Oil on canvas 36x36 on view at Walker Creek in Essex, MA
I have always found much inspiration from the area north of Boston.  The painting above is done from the trustees of reservations property in Essex. The late fall early winter is a wonderful time to paint and see the salt marshes.  The warm orchers and Indian red that can be found in the dead marsh grass can look like fire in the sun.  I love the contrast those colors with the coolness of the sky above.  
      While driving around the North Shore I find that the places I like to paint are the locations that I have fond memories.  Below is "Singing Beach" in Manchester by the Sea.  This beach was a constant destination in college and later on when I lived in the area.  Beverly Farms where we lived also became a favorite as I could walk to west beach and the marshes that lay behind it.  I have painted Chubb's Brook in most every light just as Monet painted the Cathedrals and Haystacks.  
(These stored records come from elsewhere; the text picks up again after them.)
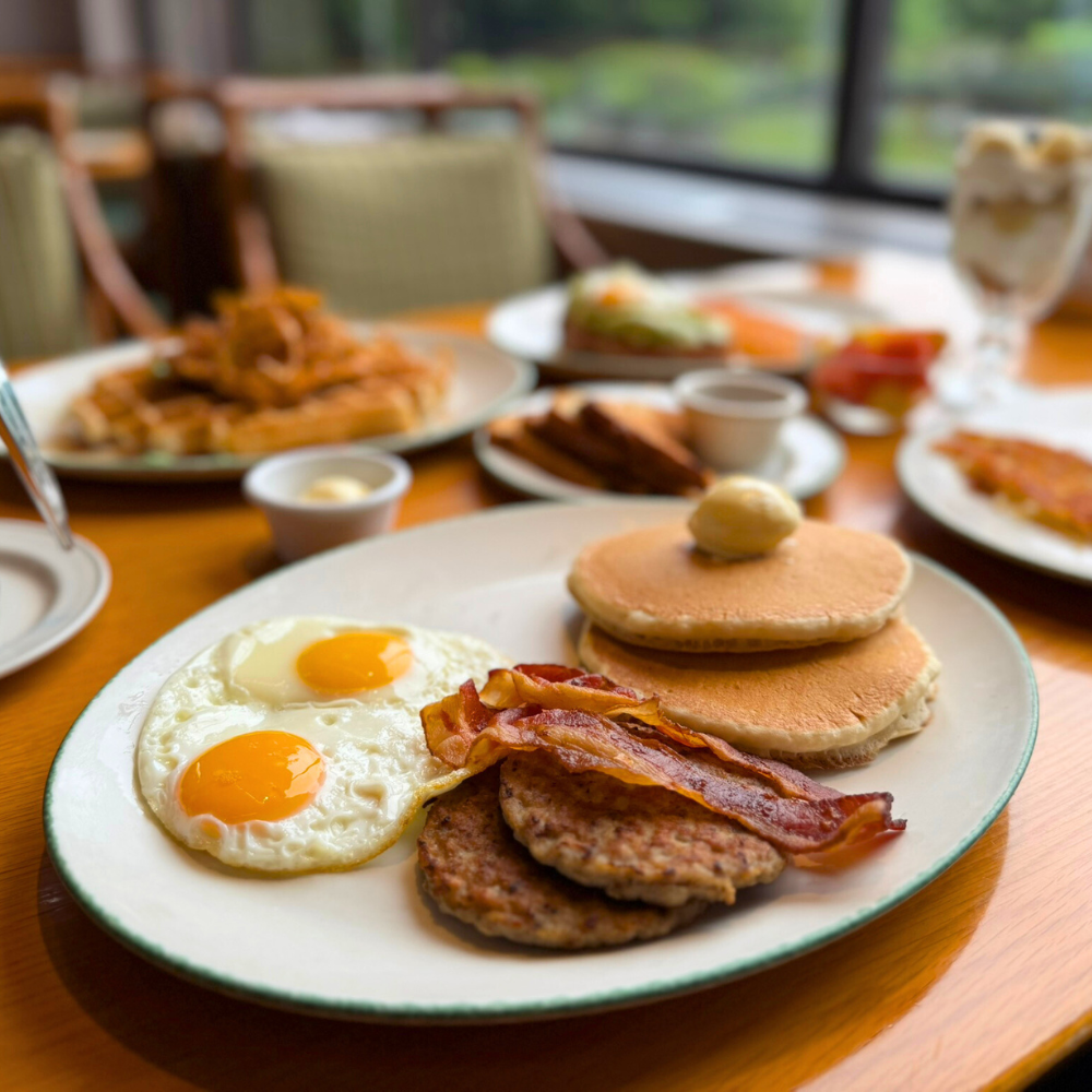 Start each weekday morning with a complimentary Dragon Hill Lodge breakfast for two, featuring all your American favorites, including pancakes, eggs benedict, biscuits and gravy, and even avocado toast.
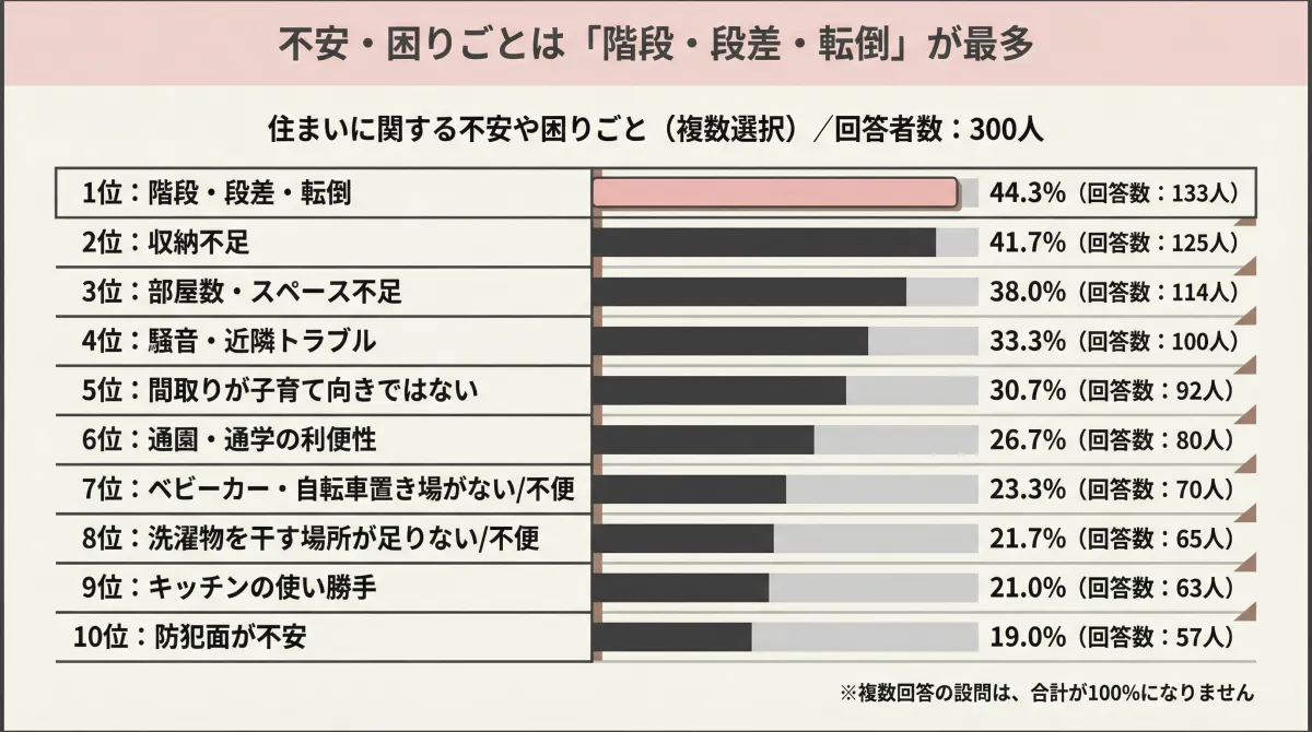 最も多くの回答が寄せられたのが不安や困りごとに関する項目です。ここで最も問題視されたのは、階段や段差による転倒リスクで、44.3%の人がこれを指摘しました。その他にも収納不足や騒音、部屋の広さ不足など、多岐にわたる不安が挙げられました。
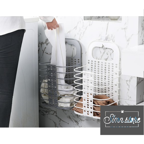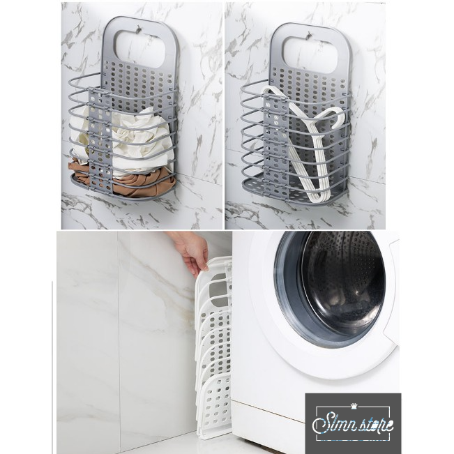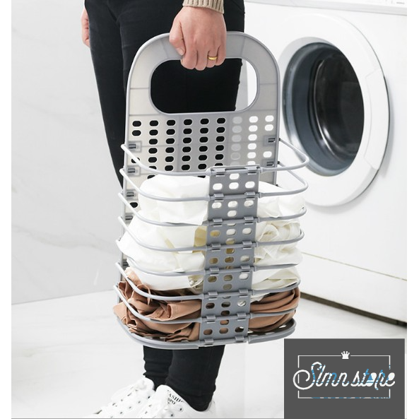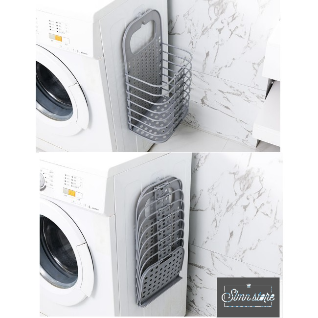 Giỏ sử dụng khi quần áo chưa giặt ngay hoặc khi tắm để quần áo vào.... để ở sườn máy giặt có thể để móc quần áo, quần áo chưa kịp giặt......Giỏ được gấp gọn càng tiện ích
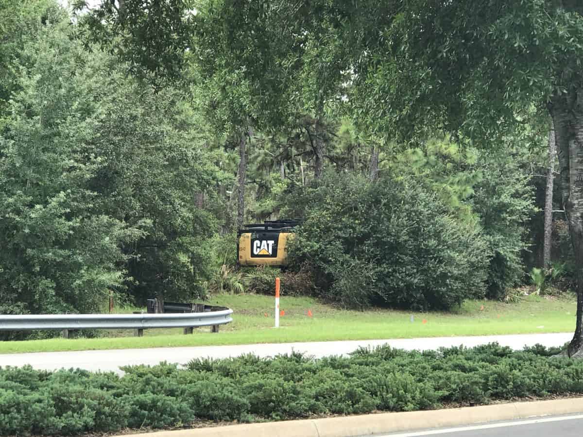Construction vehicles are present and a noticeable amount of shrubbery has been cleared in places. You’ll also notice a plethora of colored markers in the ground.
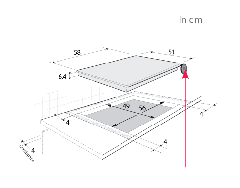 - Kích thước khoét lỗ(cao x rộng x sâu cm) : 6.4x56x49
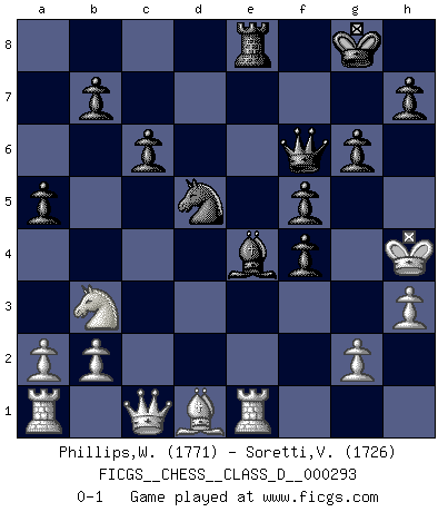 Last move : 0-1 2023 March 27 8:24:56 [Event "FICGS__CHESS__CLASS_D__000293"] [Site "FICGS"] [Date "2023.03.14"] [Round "1"] [White "Phillips,Wendell"] [Black "Soretti,Vincenzo"] [Result "0-1"] [WhiteElo "1771"] [BlackElo "1726"] 1.d3 Nf6 2.e4 d6 3.Be2 e5 4.c3 Be7 5.h3 Be6 6.Nd2 Nbd7 7.Qc2 O-O 8.Nf1 a5 9.Ng3 Re8 10.Nf3 Nf8 11.Bd2 Ng6 12.Qc1 d5 13.Bg5 dxe4 14.dxe4 c6 15.O-O Qc7 16.Re1 Rad8 17.Bd1 Nf4 18.Bxf4 exf4 19.Nf1 Bc5 20.Qc2 Bc4 21.N1d2 Bd3 22.Qc1 Bxf2+ 23.Kxf2 Qb6+ 24.Nd4 Rxd4 25.cxd4 Qxd4+ 26.Kf3 Nd5 27.Nb3 Bxe4+ 28.Kg4 f5+ 29.Kh5 g6+ 30.Kh4 Qf6+ 0-1 Follow this game move after move (download)Chess is in its essence a game, in its form an art, and in its execution a science. (Baron Tassilo) Gewinnen beim Schach fördert das Selbstvertrauen. Beim Sex spüre ich sowas nicht... (Garry Kasparov) a manera como él juega al Ajedrez, demuestra la completa naturaleza de un hombre. (Stanley Ellin) 'L'échange des dames est un coup dur pour les deux adversaires...' Un journaliste lors d'une partie du match Spassky-Fischer A government big enough to give you everything you want is strong enough to take everything you have. (Thomas Jefferson)
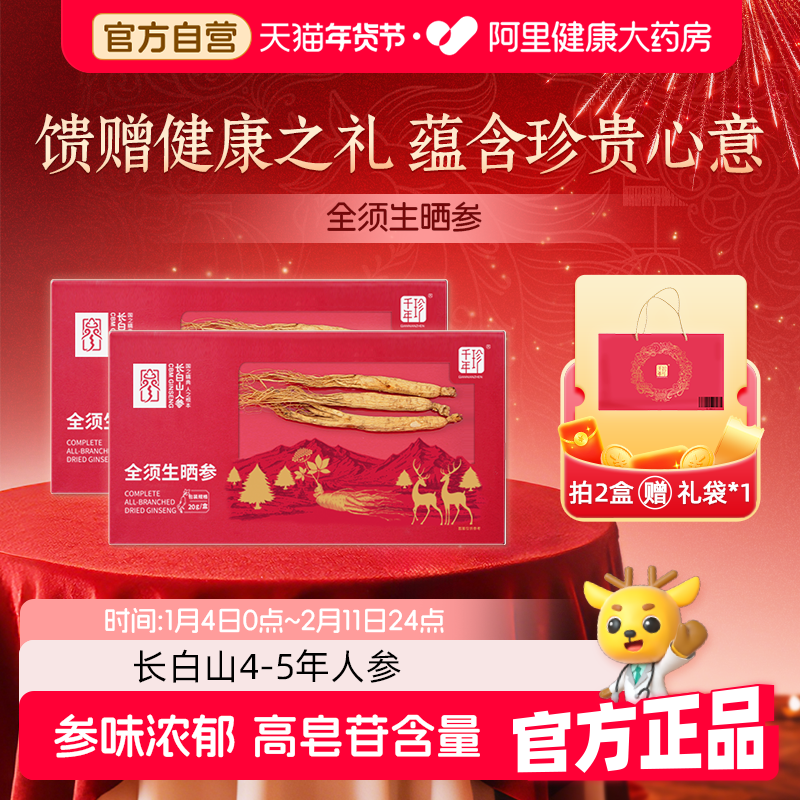 千年珍长白山全须生晒参20g
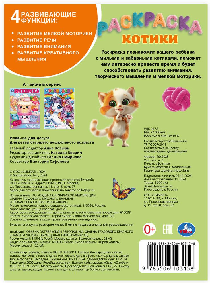 💳 Оплатить за товар можно при получении 🇰🇿 Есть бесплатная доставка по Казахстану 🎁 Копите бонусы с каждой покупки Раскраска «Котики» ТМ «УМка» — отличный подарок для юных художников: |
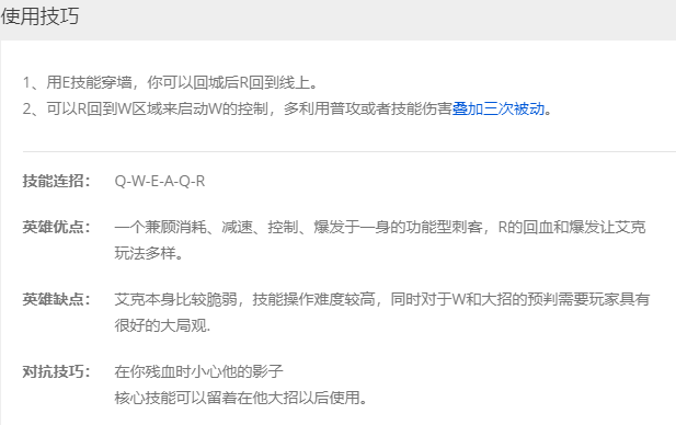 艾克在国服一向有着极高的人气,但是在韩服却一直不温不火,这当然是由两边赛区不同的风格决定的。韩服的打法偏比赛,玩家都比较注重运营,大家的发育速度都比较正常,艾克难以获得超前时间的发育。但是在国服就不一样了,国服热衷于打架,艾克在这种情况下有着极大的发挥空间,能获得超前的发育,而一个发育良好的艾克,在战斗中可以EAQ三环轻松秒杀对手,carry能力极强,是当之无愧的野核英雄。非常值得在国服上分时使用。

"Singing beach with figures"
18x24



"Summer Love"
24x24


"Sea Lawn" Magnolia, Gloucester, MA 24x36
This trustees property is another favorite. There are so many interesting views and I have many nice memories of picnics by the sea and watching our children run around. 


"Nocturne Harbor with full moon" 8x10.  Above is another painting done of the harbor in Manchester by the sea.  Recently I have enjoyed painting nocturnes.  Using burnt umber and ultramarine blue together I create the grisaille "grey" tonal painting.  This location I remember walking by in college and seeing the moonlight over the harbor.  I did a drawing on location and removed a few of the boats in the distance. I like to do smaller sketches and drawings of larger paintings and work out the composition before working on a larger painting.  


"Summer Marsh" 24x36 was done by the Parker River.  I had painted here all day and used the moments of the day that worked best for the painting.  This is the great benifit to working out of doors. You can see it is toward the end of the day and the light is coming from the left side of the canvas and illuminating the sides of the trees along the river.  This painting was in the HBO movie "Olive Kitteridge" which I have yet to see. 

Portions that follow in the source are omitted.